"The Bad and the Beautiful"
Have you ever noticed that movies about making movies are usually outstanding?
Yes, it's true that it is self-indulgent for millionaire movie stars, directors, screenwriters and other filmmakers to spend their time pointing the camera at themselves, so to speak. And they've done it a lot -- almost since the birth of cinema, movies about movies have been commonplace, like Buster Keaton's "Sherlock Jr.," in which a projectionist gets stuck in the movies he's showing.
I'd knock them for their narcissism, except for one thing: These flicks are usually just so darn good.
"Singin' In the Rain." "The Player." "Get Shorty." "Wag the Dog." "Adaptation." "Swimming with Sharks." "The Aviator." "Barton Fink." "Shadow of the Vampire." "Cinema Paradiso." "8-1/2." "Sunset Boulevard." Those are just a few of the great movies made about the craft or business of motion pictures.
I'd long heard that "The Bad and the Beautiful" was a worthy addition to that list, and after catching it recently I'm happy to report it's true.

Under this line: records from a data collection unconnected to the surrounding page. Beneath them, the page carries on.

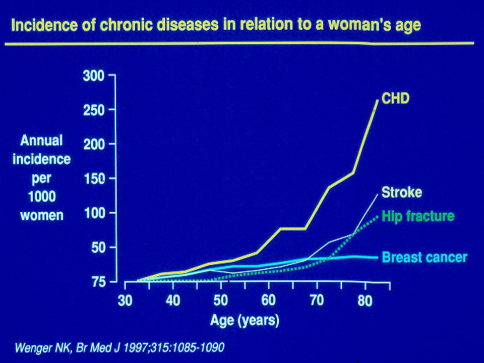 The Yentl Syndrome trova nuove conferme nel 1997: quell’anno i registri di cardiologia degli Stati Uniti mostrano come su un campione di mille donne americane la prima causa di mortalità, in rapporto all’età, siano le malattie coronariche (Chd). Seguono con distacco l’ictus, la frattura dell’anca e per ultimo il cancro al seno.
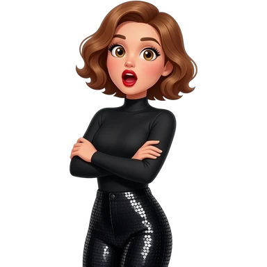 glamours,-tanned,-very-beautiful-woman-with-big-plump-red-lips,-long-long-lashes,-honey-silky-very short- hair,-wavy-hair,-hazel-eyes- wearing-black-Long-sleeved-bodysuit-and-black-sequinned-pants-eyes-wide-open-look-of-surprise-and-mouth-open-round- wide-arms-crossed-throwing head back-waist-up emoji
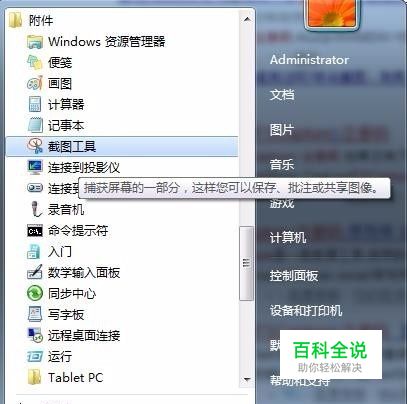 在桌面类我们可以采用Windows自带的截图工具, 打开开始菜单——所有程序——附件——截图工具
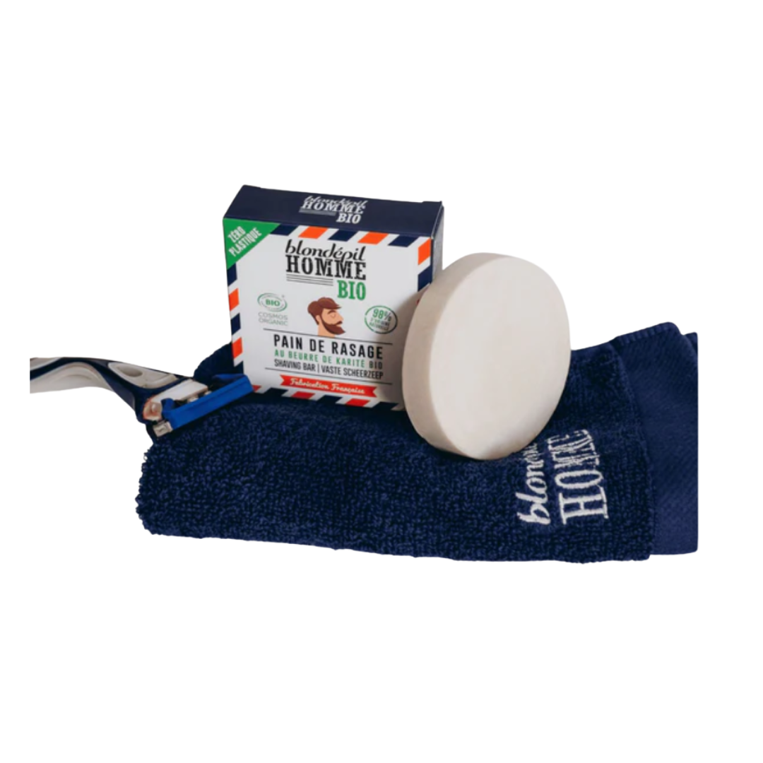 Enrichi en Beurre de Karité BIO et en Huile d’Amande Douce BIO, le Pain de Rasage facilite le rasage et agit comme un soin, pour un rituel tout doux, sans tiraillement.Grâce à son format solide et son étui 100% RECYCLABLE, il est l’alternative écologique parfaite à votre produit de rasage habituel !Nos engagements :- 98% d’ingrédients d’origine naturelle- Certifié BIO COSMOS- Formule Vegan- Emballage 100% recyclable- Fabriqué en Occitanie55mL
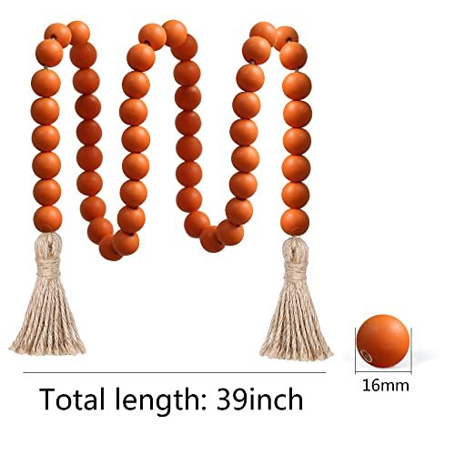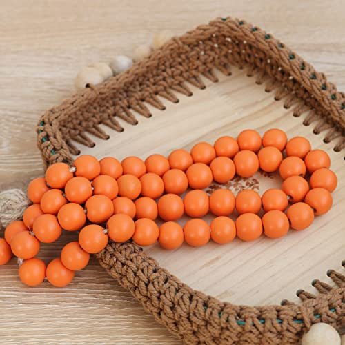 Meplait 39” Wood Bead Garland with Tassels – Boho Chic Farmhouse Decor & Versatile Prayer Beads (Orange)
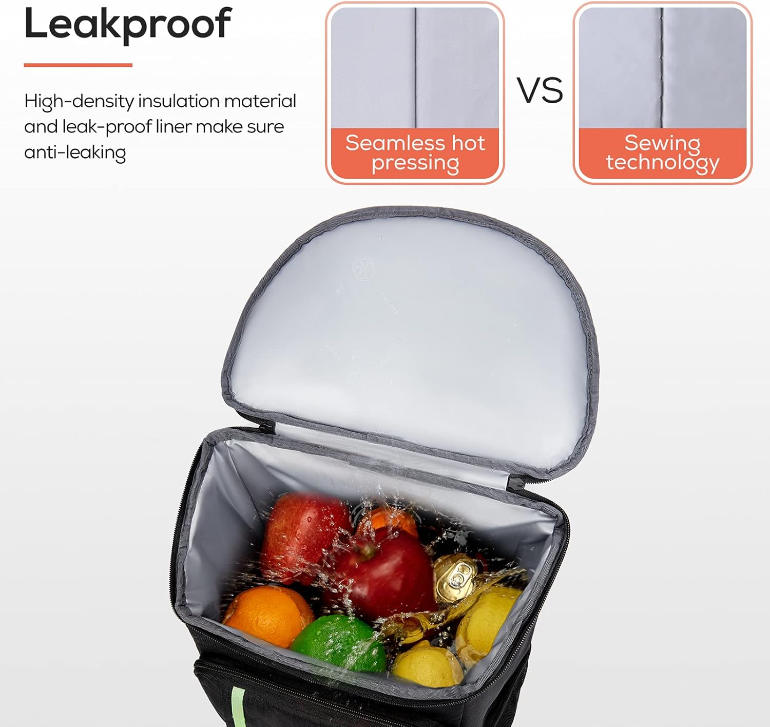 - Leakproof Cooler Backpack: High-density Insulation material and leak-proof liner inside the insulated backpacks work together to ensure anti-leaking and keep food hot / cold for 16 hours with ice packs
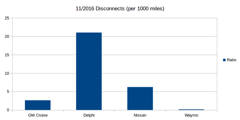 I’m limited in my analysis to what the reports state (so, California, for Dec 2015 through Nov 2016). Some are very detailed (Waymo’s), some are sparse (most of the others, though the Mercedes one pager takes the “brevity” award).

This 1952 film stars Kirk Douglas as Johnathan Shields, an all-powerful movie mogul who manages to estrange nearly every person who's ever worked with him. Lana Turner, who plays a lush actress Shields turns into a superstar, actually got top billing over Douglas since Turner was at the height of her fame, and he was still relatively early in his film career, despite being 36 years old at the time.
The story plays in flashback as Shields' right-hand man has assembled the greatest actress, director and writer he ever worked with, and begs them to give him one more shot. He's exiled in Paris and hasn't made a picture in two years, mainly because he's alienated half of Hollywood, and gets them together in a room so he can (via telephone) make his one last pitch.
The stories tells how Shields done each of them wrong. There's his early film career with a film director. They spend their days making third-rate B pictures on a shoestring budget. When the director convinces Shields to take a shot at a real movie that's he's written the screenplay for, he double-crosses him and goes with another director after the studio chief greenlights the project. It launches his career, but ends their friendship.
He and the Lana Turner character are lovers, of course, although it's something of a teacher/pupil relationship at first that slowly blossoms into love. She's the daughter of a great film actor, now deceased, and believes all she's inherited from him is his love of the bottle. Shields convinces her otherwise, casts her in a huge make-or-break starring role, and then treats her like garbage just when her star is born.
I found the third sequence the least compelling of the three, as Shields befriends a professor who's written a popular novel and convinces him to move to Hollywood and become a screenwriter. Perhaps it's just the character, played by Dick Powell, who's very cut off from others and too unwilling to give of himself. I guess the movie did too good a job of making him seem like an actual writer.
"The Bad and the Beautiful" was directed by Vincente Minnelli, a top Hollywood genre director whose other credits include "Gigli," "Lust for Life" (also with Douglas), "Father of the Bride" and "An American in Paris." He shows his usual deft hand, turning up the melodrama and sexual energy as the situation allows.
A couple of random observations: I noticed how the Shields character often took off his shoes in an office setting -- something pretty unorthodox at the time. I wonder if it's supposed to show his contempt for the people he works with, or just that he's a man who doesn't abide by societal rules.
I also saw that the Latin Lover actor character, Goucho, was played by Gilbert Roland. His final film role was as the revengeful Don in "Barbarosa," the excellent 1982 Western starring Willie Nelson. Yes, Willie Nelson. Go rent it if you haven't seen it; it's wonderful.